Seems like this setup would be more common than it appears. I couldn’t find more than a forum post or two with no helpful answers. But I realize now that I really don’t need that functionality. It looks like it is there more for DMA than anything else and I hear you cant use DMA without using the NPCS pins anyways so whats the use. I wont be switching devices that often anyways. I have a DataFlash and an FPGA with a program that sends a file to one or the other. Once that is done I give the bus back to the hardware developer and he is free to use the bus as he pleases.

Thanks again for the post. It was like pulling teeth, trying to get answers. In the end I got it working without one. I wish there was an AT91SAM7 forum half as good as avrfreaks. I swear I post a question at 3:00AM and I have 5 responses by 4:00AM.
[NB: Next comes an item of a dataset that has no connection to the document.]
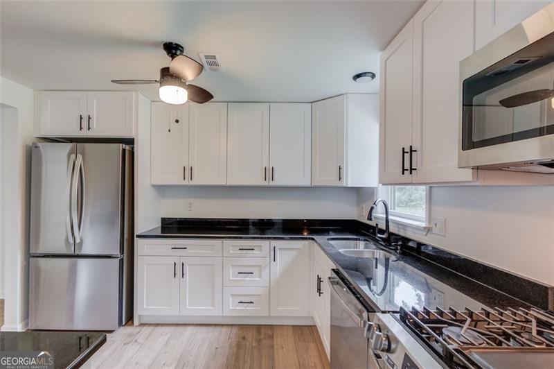 This move-in ready, beautifully renovated 3-bedroom, 2-bathroom home offers modern living space, thoughtfully updated from top to bottom. Enjoy a brand-new roof, new gutters, and a new garage door, along with fresh LVP and tile flooring throughout. The kitchen is a true highlight, featuring new cabinets, stainless steel appliances, and stylish finishes perfect for everyday living and entertaining. Bathrooms and bedrooms have been completely updated with modern touches, while new light fixtures and ceiling fans add a bright, contemporary feel.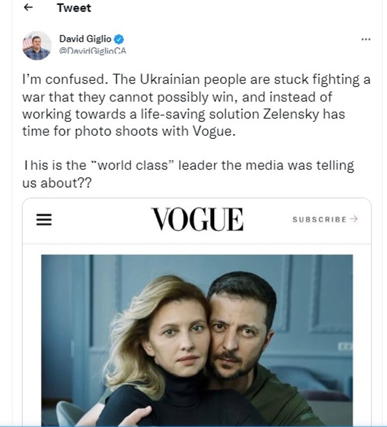 وعلق الزعيم الجمهورى من ولاية كاليفورنيا ديفيد جيجليو: «أنا محتار. الشعب الأوكرانى عالق فى خوض حرب لا يمكن أن يفوز بها، وبدلًا من العمل من أجل حل منقذ للحياة،وزيلينسكى لديه الوقت لالتقاط الصور مع فوج. هذا هو الزعيم العالمى الذى كان الإعلام يخبرنا عنه؟».

Oh I did find this though.

http://www.atmel.com/dyn/products/tools … ol_id=3784

Scroll down to “AT91SAM7S-EK Software Package for IAR 5.2, Keil and GNU” under Software and you have a zip file with a lot of complete example applications. There is a driver for everything in there. They even had a driver for the at26 DataFlash which uses the same command set as the one that I am using but it turned out to be faster to write my own than attempt to port.